#### INFORMATION SUPPLIED
------------

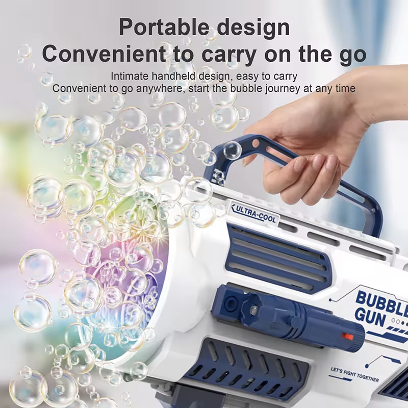Portable Fun Lightweight and compact, this bubble blaster is the perfect companion for outdoor adventures, parks, and backyard fun.
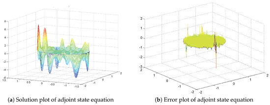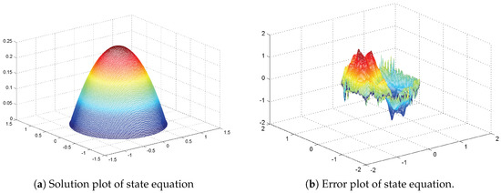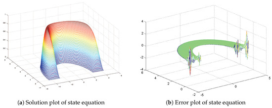 Let and where . The domain of a unit circle is taken with . The function , the matrix and the parameter is used. The solution and error plot of state equation are given in Figure 3.
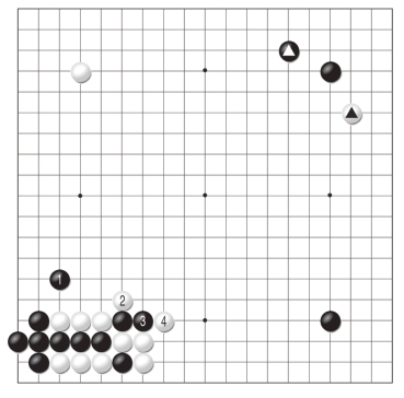 黑1跑出是直线思维,看起来很凶猛,白棋只能2位跑出,之后白棋连续三路爬,至黑9双方都是必然下法,接着白10先手打吃一下,再12位飞出,这时候黑棋才发现,自己外部所得有限,而角上几子面临被杀的境地,看来直线进攻并不是好下法。
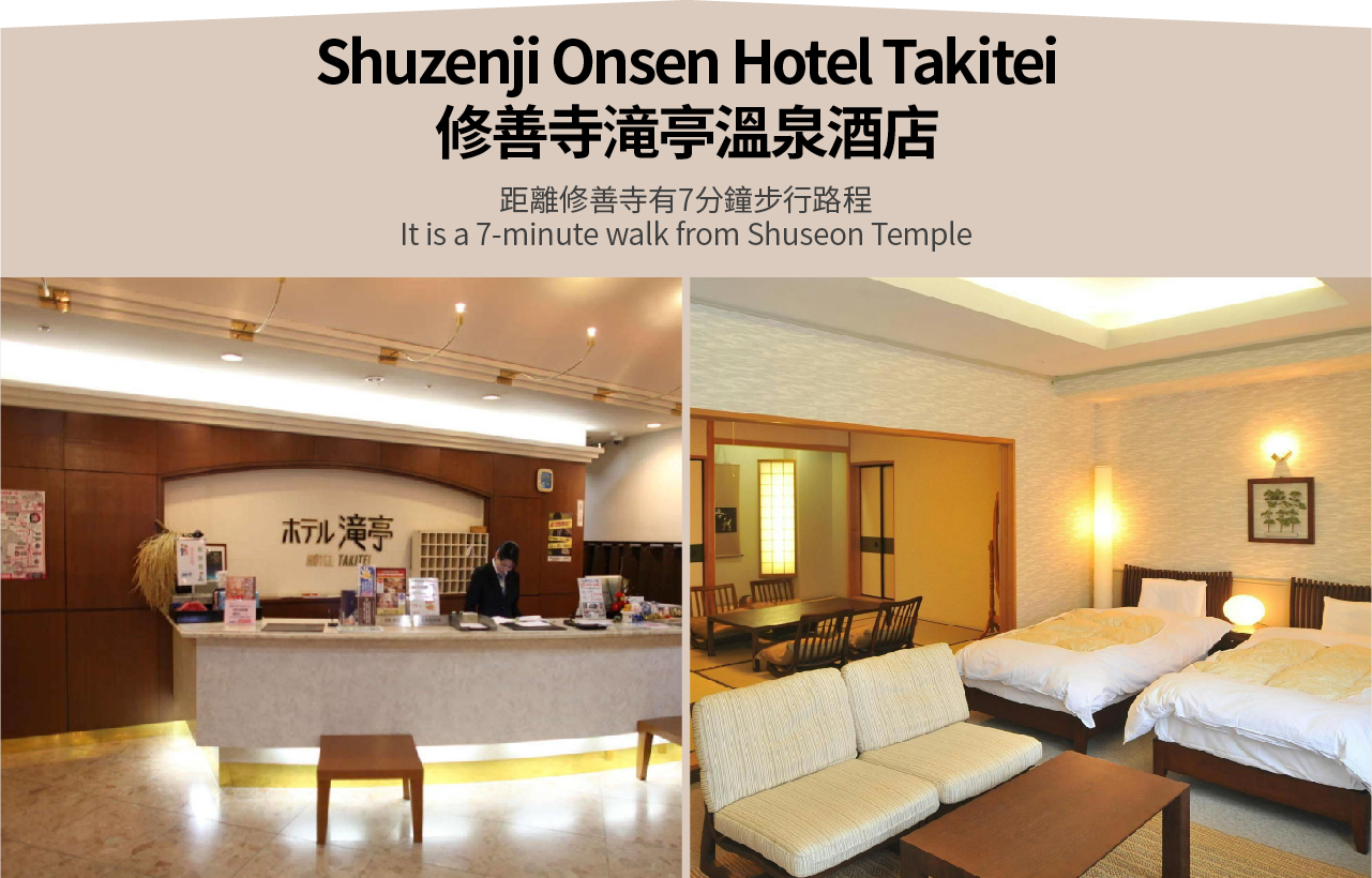入住修善寺滝亭温泉酒店,享受温泉。修善寺温泉街以其自然美景和文化背景闻名,是散步和放松的理想之地。

------------

When you repeat the data, keep every line exact and drop the images.

#### ANSWER BELOW
Portable Fun Lightweight and compact, this bubble blaster is the perfect companion for outdoor adventures, parks, and backyard fun.
 Let and where . The domain of a unit circle is taken with . The function , the matrix and the parameter is used. The solution and error plot of state equation are given in Figure 3.
 黑1跑出是直线思维,看起来很凶猛,白棋只能2位跑出,之后白棋连续三路爬,至黑9双方都是必然下法,接着白10先手打吃一下,再12位飞出,这时候黑棋才发现,自己外部所得有限,而角上几子面临被杀的境地,看来直线进攻并不是好下法。
入住修善寺滝亭温泉酒店,享受温泉。修善寺温泉街以其自然美景和文化背景闻名,是散步和放松的理想之地。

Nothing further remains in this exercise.